▶ **ABOUT THIS EXERCISE**
Take the whole listing and reproduce it exactly, pictures excepted.

* * * * *

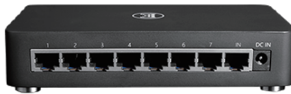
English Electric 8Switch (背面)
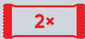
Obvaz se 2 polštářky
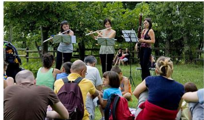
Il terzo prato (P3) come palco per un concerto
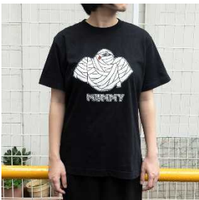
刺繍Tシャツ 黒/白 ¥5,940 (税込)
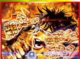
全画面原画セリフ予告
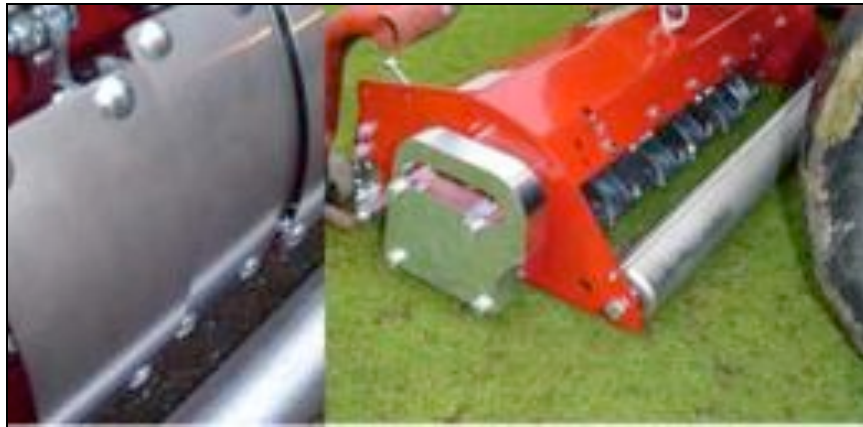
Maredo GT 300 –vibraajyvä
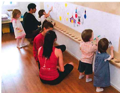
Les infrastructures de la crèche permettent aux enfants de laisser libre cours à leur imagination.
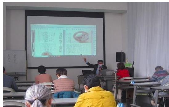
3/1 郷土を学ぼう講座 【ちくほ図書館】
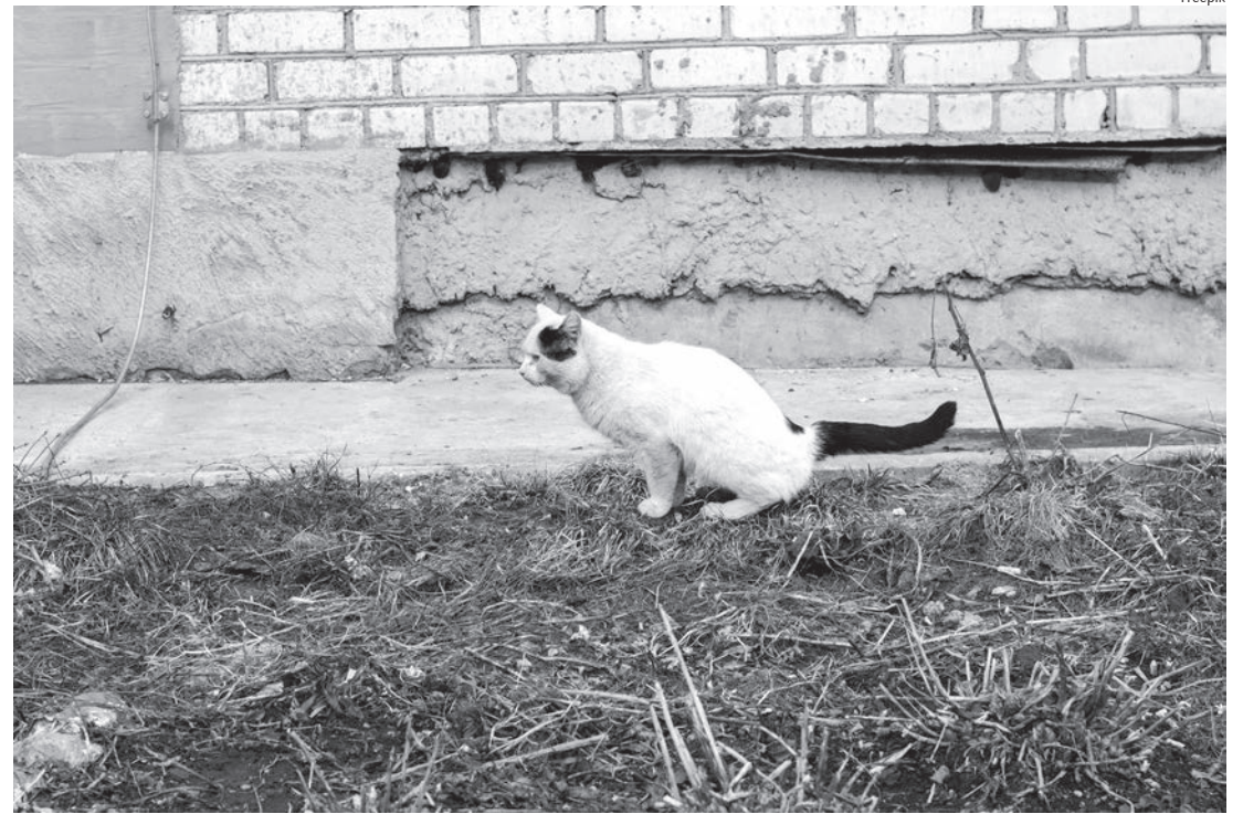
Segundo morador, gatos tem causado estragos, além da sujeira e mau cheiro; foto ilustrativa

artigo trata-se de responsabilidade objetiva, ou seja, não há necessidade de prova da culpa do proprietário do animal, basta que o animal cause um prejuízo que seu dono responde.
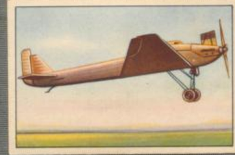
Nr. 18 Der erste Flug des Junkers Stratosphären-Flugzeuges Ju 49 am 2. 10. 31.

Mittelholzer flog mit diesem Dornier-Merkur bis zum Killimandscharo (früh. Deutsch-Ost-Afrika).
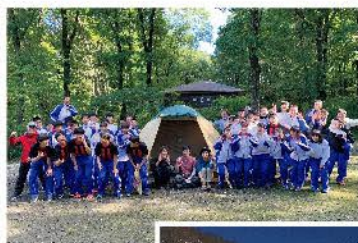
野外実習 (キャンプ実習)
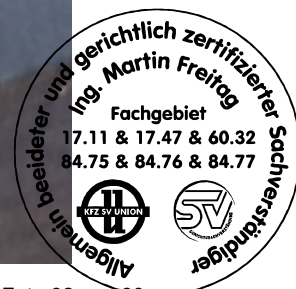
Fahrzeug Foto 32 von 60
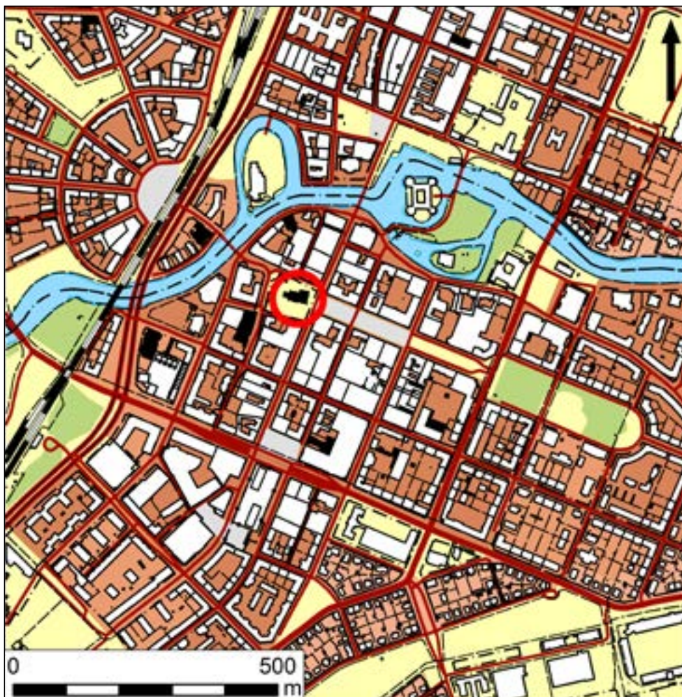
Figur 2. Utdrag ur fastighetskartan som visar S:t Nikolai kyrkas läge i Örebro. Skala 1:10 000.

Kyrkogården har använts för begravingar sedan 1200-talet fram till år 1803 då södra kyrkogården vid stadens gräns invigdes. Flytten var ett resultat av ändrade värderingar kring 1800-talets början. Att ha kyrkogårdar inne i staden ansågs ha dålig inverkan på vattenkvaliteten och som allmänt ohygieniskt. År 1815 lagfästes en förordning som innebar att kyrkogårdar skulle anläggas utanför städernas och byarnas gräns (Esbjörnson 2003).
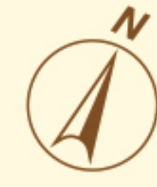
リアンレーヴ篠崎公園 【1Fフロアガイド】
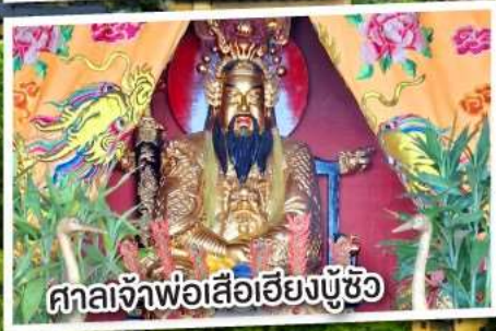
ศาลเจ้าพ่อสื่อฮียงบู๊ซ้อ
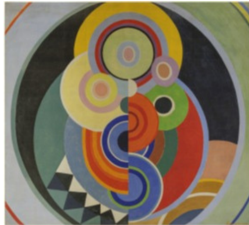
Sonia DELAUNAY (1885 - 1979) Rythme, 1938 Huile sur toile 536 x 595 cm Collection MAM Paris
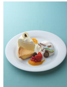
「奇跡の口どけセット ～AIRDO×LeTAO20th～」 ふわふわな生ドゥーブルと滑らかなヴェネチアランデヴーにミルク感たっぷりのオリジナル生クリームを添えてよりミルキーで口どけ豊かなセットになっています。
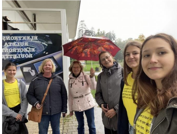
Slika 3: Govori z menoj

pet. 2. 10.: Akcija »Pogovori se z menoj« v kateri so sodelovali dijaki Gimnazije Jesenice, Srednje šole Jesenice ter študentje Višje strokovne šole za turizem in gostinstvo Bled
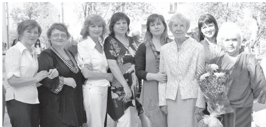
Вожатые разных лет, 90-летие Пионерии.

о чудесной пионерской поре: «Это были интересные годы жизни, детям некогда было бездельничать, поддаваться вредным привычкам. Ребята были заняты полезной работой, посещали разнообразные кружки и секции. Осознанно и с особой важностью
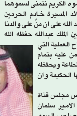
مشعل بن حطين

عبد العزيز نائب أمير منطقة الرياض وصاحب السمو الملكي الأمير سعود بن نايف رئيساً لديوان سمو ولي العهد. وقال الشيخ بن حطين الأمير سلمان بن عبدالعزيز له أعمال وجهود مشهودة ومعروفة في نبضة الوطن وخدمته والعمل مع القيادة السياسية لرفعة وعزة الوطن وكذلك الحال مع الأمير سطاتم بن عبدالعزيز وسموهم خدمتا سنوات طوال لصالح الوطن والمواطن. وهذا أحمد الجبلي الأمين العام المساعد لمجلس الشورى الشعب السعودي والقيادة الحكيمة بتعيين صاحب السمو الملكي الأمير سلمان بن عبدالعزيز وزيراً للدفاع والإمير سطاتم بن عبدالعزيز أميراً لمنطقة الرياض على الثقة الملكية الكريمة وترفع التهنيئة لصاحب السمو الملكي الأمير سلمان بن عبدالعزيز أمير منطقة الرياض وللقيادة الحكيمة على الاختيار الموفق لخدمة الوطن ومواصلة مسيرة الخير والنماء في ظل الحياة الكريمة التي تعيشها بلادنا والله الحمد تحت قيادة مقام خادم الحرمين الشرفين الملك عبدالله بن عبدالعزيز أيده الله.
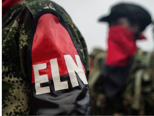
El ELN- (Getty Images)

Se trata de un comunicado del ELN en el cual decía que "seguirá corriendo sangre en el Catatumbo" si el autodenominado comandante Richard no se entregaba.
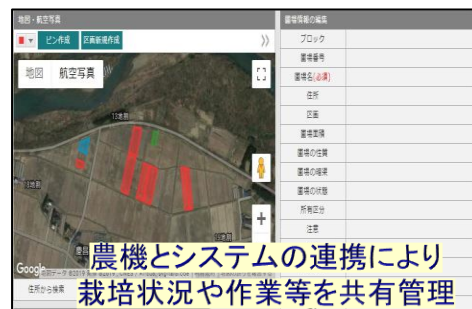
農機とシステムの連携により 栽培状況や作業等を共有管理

* * * * *

▶ **EXERCISE RESPONSE**
English Electric 8Switch (背面)
Obvaz se 2 polštářky
Il terzo prato (P3) come palco per un concerto
刺繍Tシャツ 黒/白 ¥5,940 (税込)
全画面原画セリフ予告
Maredo GT 300 –vibraajyvä
Les infrastructures de la crèche permettent aux enfants de laisser libre cours à leur imagination.
3/1 郷土を学ぼう講座 【ちくほ図書館】
Segundo morador, gatos tem causado estragos, além da sujeira e mau cheiro; foto ilustrativa

artigo trata-se de responsabilidade objetiva, ou seja, não há necessidade de prova da culpa do proprietário do animal, basta que o animal cause um prejuízo que seu dono responde.
Nr. 18 Der erste Flug des Junkers Stratosphären-Flugzeuges Ju 49 am 2. 10. 31.

Mittelholzer flog mit diesem Dornier-Merkur bis zum Killimandscharo (früh. Deutsch-Ost-Afrika).
野外実習 (キャンプ実習)
Fahrzeug Foto 32 von 60
Figur 2. Utdrag ur fastighetskartan som visar S:t Nikolai kyrkas läge i Örebro. Skala 1:10 000.

Kyrkogården har använts för begravingar sedan 1200-talet fram till år 1803 då södra kyrkogården vid stadens gräns invigdes. Flytten var ett resultat av ändrade värderingar kring 1800-talets början. Att ha kyrkogårdar inne i staden ansågs ha dålig inverkan på vattenkvaliteten och som allmänt ohygieniskt. År 1815 lagfästes en förordning som innebar att kyrkogårdar skulle anläggas utanför städernas och byarnas gräns (Esbjörnson 2003).
リアンレーヴ篠崎公園 【1Fフロアガイド】
ศาลเจ้าพ่อสื่อฮียงบู๊ซ้อ
Sonia DELAUNAY (1885 - 1979) Rythme, 1938 Huile sur toile 536 x 595 cm Collection MAM Paris
「奇跡の口どけセット ～AIRDO×LeTAO20th～」 ふわふわな生ドゥーブルと滑らかなヴェネチアランデヴーにミルク感たっぷりのオリジナル生クリームを添えてよりミルキーで口どけ豊かなセットになっています。
Slika 3: Govori z menoj

pet. 2. 10.: Akcija »Pogovori se z menoj« v kateri so sodelovali dijaki Gimnazije Jesenice, Srednje šole Jesenice ter študentje Višje strokovne šole za turizem in gostinstvo Bled
Вожатые разных лет, 90-летие Пионерии.

о чудесной пионерской поре: «Это были интересные годы жизни, детям некогда было бездельничать, поддаваться вредным привычкам. Ребята были заняты полезной работой, посещали разнообразные кружки и секции. Осознанно и с особой важностью
مشعل بن حطين

عبد العزيز نائب أمير منطقة الرياض وصاحب السمو الملكي الأمير سعود بن نايف رئيساً لديوان سمو ولي العهد. وقال الشيخ بن حطين الأمير سلمان بن عبدالعزيز له أعمال وجهود مشهودة ومعروفة في نبضة الوطن وخدمته والعمل مع القيادة السياسية لرفعة وعزة الوطن وكذلك الحال مع الأمير سطاتم بن عبدالعزيز وسموهم خدمتا سنوات طوال لصالح الوطن والمواطن. وهذا أحمد الجبلي الأمين العام المساعد لمجلس الشورى الشعب السعودي والقيادة الحكيمة بتعيين صاحب السمو الملكي الأمير سلمان بن عبدالعزيز وزيراً للدفاع والإمير سطاتم بن عبدالعزيز أميراً لمنطقة الرياض على الثقة الملكية الكريمة وترفع التهنيئة لصاحب السمو الملكي الأمير سلمان بن عبدالعزيز أمير منطقة الرياض وللقيادة الحكيمة على الاختيار الموفق لخدمة الوطن ومواصلة مسيرة الخير والنماء في ظل الحياة الكريمة التي تعيشها بلادنا والله الحمد تحت قيادة مقام خادم الحرمين الشرفين الملك عبدالله بن عبدالعزيز أيده الله.
El ELN- (Getty Images)

Se trata de un comunicado del ELN en el cual decía que "seguirá corriendo sangre en el Catatumbo" si el autodenominado comandante Richard no se entregaba.
農機とシステムの連携により 栽培状況や作業等を共有管理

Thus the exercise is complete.